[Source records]
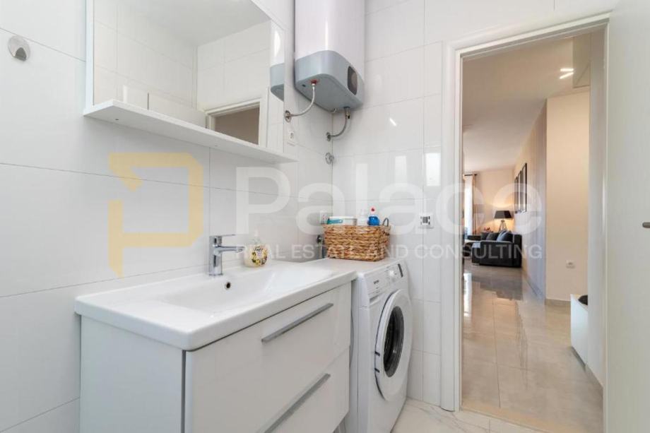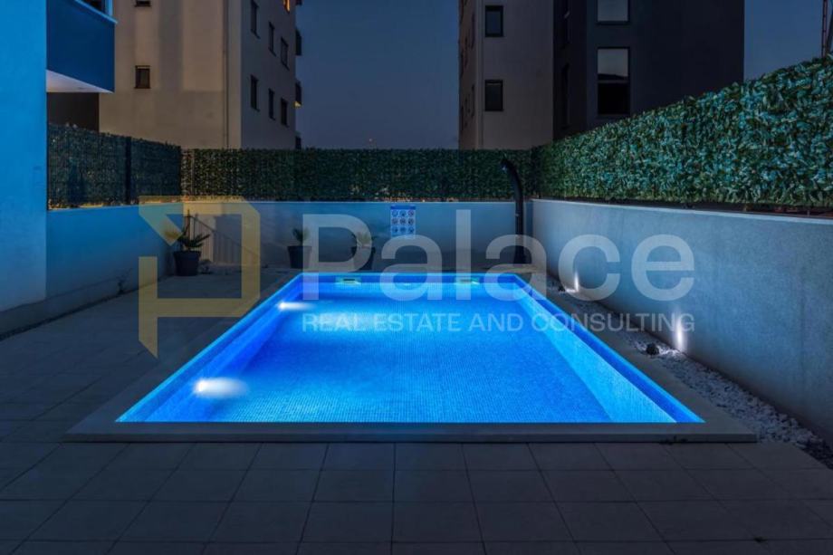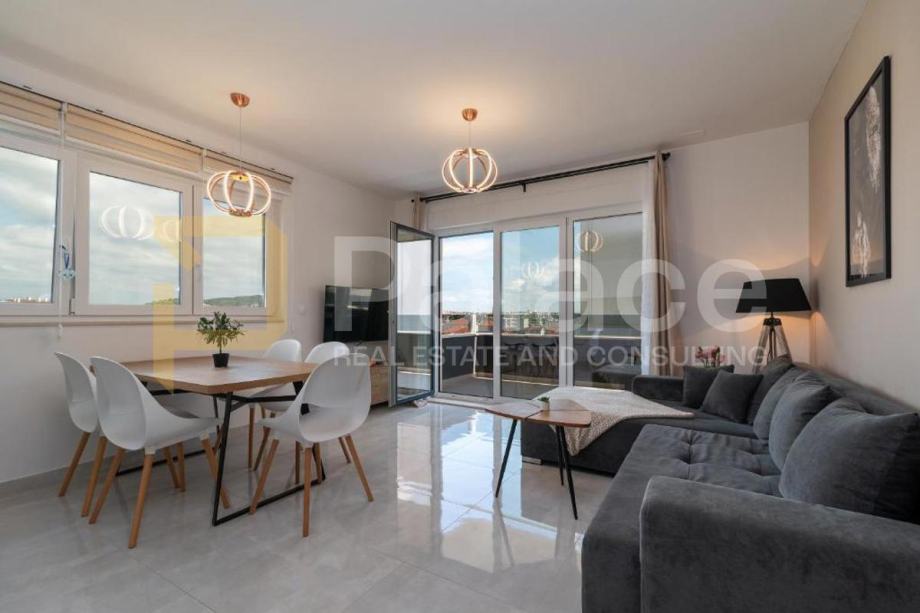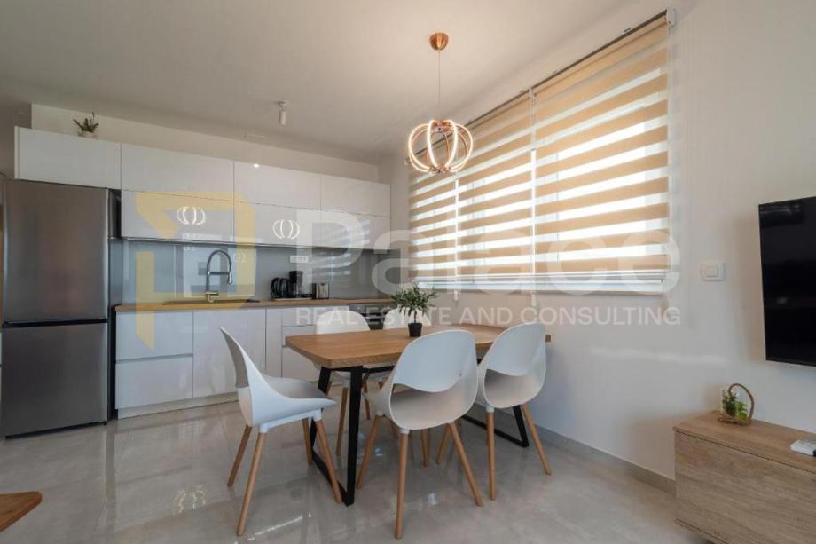 Stan se nalazi u zgradi koja je izgrađena prije četiri godine, a pripada mu jedno vanjsko parkirno mjesto od 12,50 m² koje je uključeno u cijenu stana te zajednički bazen na korištenje.
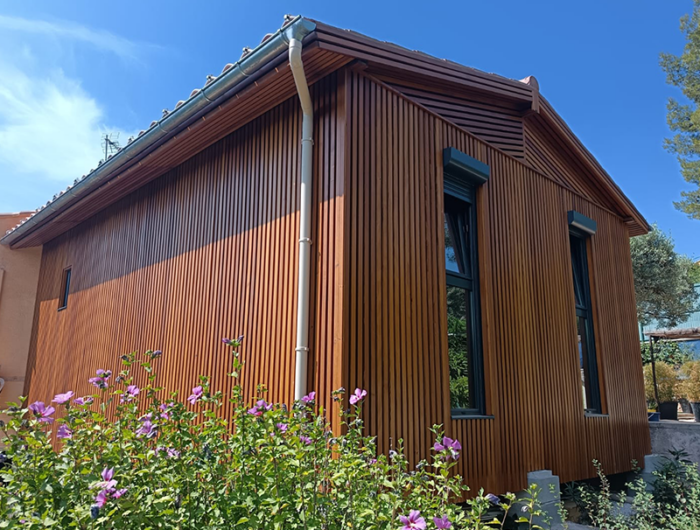 Les panneaux sont composés de 100 mm d’isolation haute densité encapsulée entre 2 plaques de bois de peuplier contrecollées/croisées de 10 mm. L’ensemble est ignifuge pour garantir la sécurité de vos proches et offre une isolation conforme à la norme RE2020.
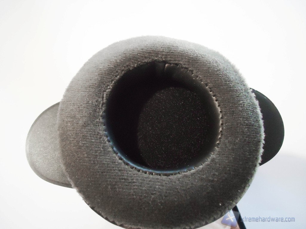 Le cuffie presentano padiglioni molto grandi e caratterizzati da una forma particolare, infatti non sono rotondi come la maggior parte degli headset ma presentano delle estensioni laterali dove sono contenute le casse aggiuntive per il surround. I padiglioni sono ben imbottiti e sono foderati con due materiali differenti , la parte a contatto con l’orecchio è rivestita con lo stesso tessuto che troviamo nell’archetto, mentre il restante è ricoperto in pelle.
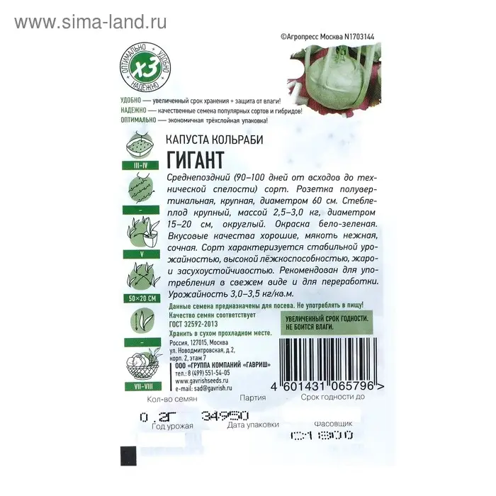 Семена Капуста кольраби "Гигант", ц/п, 0,2 г серия ХИТ х3
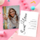 Feiern Sie Ihre Sweet 16 stilvoll mit diesem modernen minimalistischen Einladungs-Design. Die Vorderseite weist individuell anpassbare Details in einem eleganten Skript auf, mit dem Text 'Sweet 6teen' schön gepaart mit einem Herzmotiv. Die Rückseite bietet einen großen Foto, der sich perfekt für eine persönliche Touch eignet. Dieses stilvolle und vielseitige Design eignet sich ideal für jede Feier zum 16. Geburtstag und verbindet Einfachheit mit Charme und schafft so einen bleibenden Eindruck.
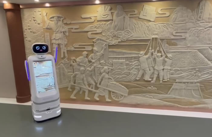 在博物館的前廳,機器人可以實現迎賓接待的服務工作、引L觀眾到達指定的展廳位置,機器人能隨時隨地提供咨詢和展品講解服務。機器人還可在博物館展廳內設置多條參觀路線,可實現觀眾邊參觀、機器人邊講解的功能。講解過程中,觀眾有疑問和問題都能隨時與機器人互動咨詢。機器人回答嘉賓提問的同時還能展示視頻或圖片進行解說,帶L一波觀眾參觀講解完畢后,會重新回到接待點迎接下一波觀眾參觀。
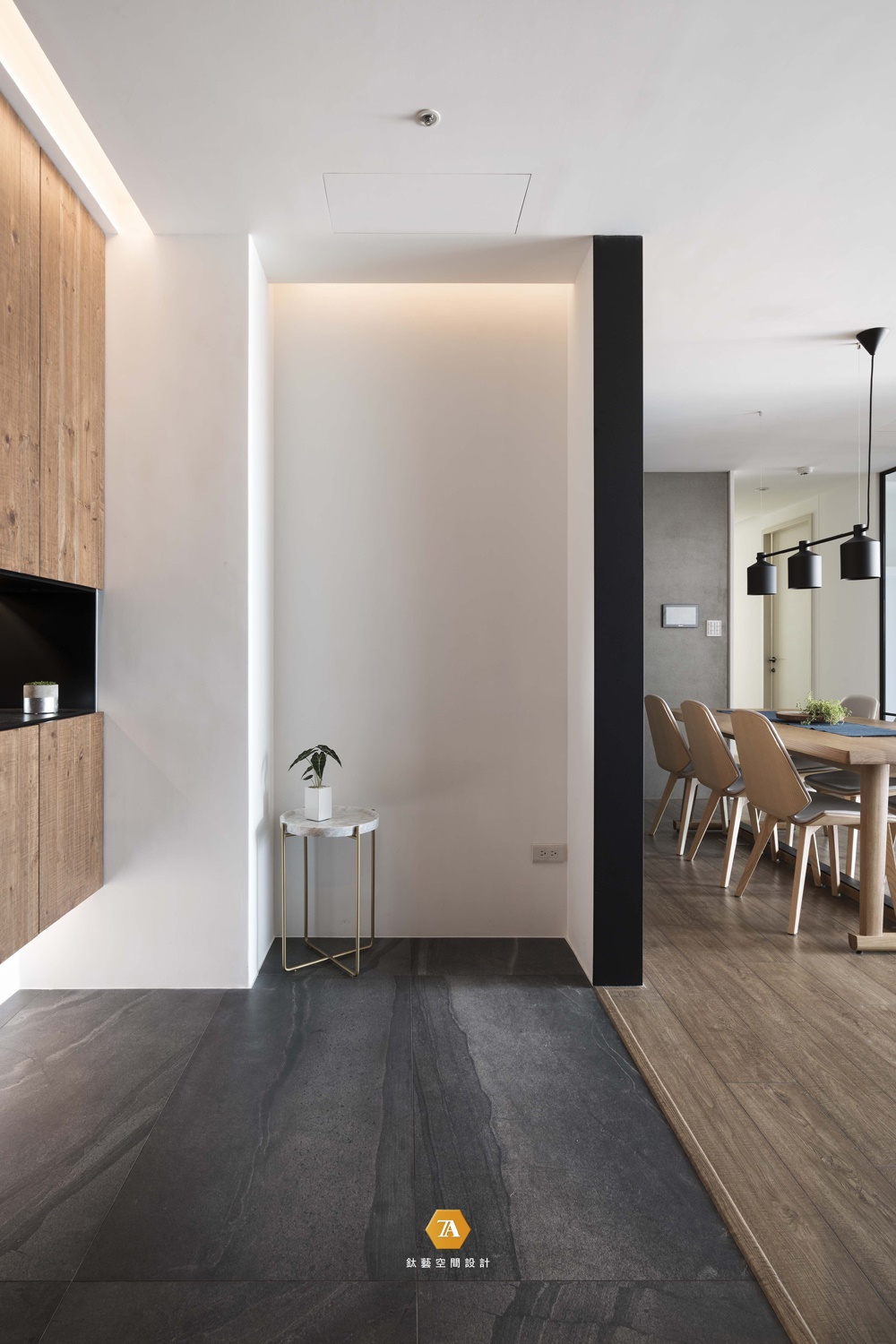 玄關以兩種不同顏色的地磚,將玄關與客廳進行了劃分,同時,黑色地磚又給人一種時尚感,而木飾面的吊掛鞋櫃與燈光搭配,又讓這時尚冰冷的地磚多了些許溫度。

**TASK TO CARRY OUT**
Once you find the line containing "Семена Капуста кольраби", transcribe it and each line after it to the end of the records exactly, and leave out the pictures.

**PROBLEM SOLUTION**
 Семена Капуста кольраби "Гигант", ц/п, 0,2 г серия ХИТ х3
 Feiern Sie Ihre Sweet 16 stilvoll mit diesem modernen minimalistischen Einladungs-Design. Die Vorderseite weist individuell anpassbare Details in einem eleganten Skript auf, mit dem Text 'Sweet 6teen' schön gepaart mit einem Herzmotiv. Die Rückseite bietet einen großen Foto, der sich perfekt für eine persönliche Touch eignet. Dieses stilvolle und vielseitige Design eignet sich ideal für jede Feier zum 16. Geburtstag und verbindet Einfachheit mit Charme und schafft so einen bleibenden Eindruck.
 在博物館的前廳,機器人可以實現迎賓接待的服務工作、引L觀眾到達指定的展廳位置,機器人能隨時隨地提供咨詢和展品講解服務。機器人還可在博物館展廳內設置多條參觀路線,可實現觀眾邊參觀、機器人邊講解的功能。講解過程中,觀眾有疑問和問題都能隨時與機器人互動咨詢。機器人回答嘉賓提問的同時還能展示視頻或圖片進行解說,帶L一波觀眾參觀講解完畢后,會重新回到接待點迎接下一波觀眾參觀。
 玄關以兩種不同顏色的地磚,將玄關與客廳進行了劃分,同時,黑色地磚又給人一種時尚感,而木飾面的吊掛鞋櫃與燈光搭配,又讓這時尚冰冷的地磚多了些許溫度。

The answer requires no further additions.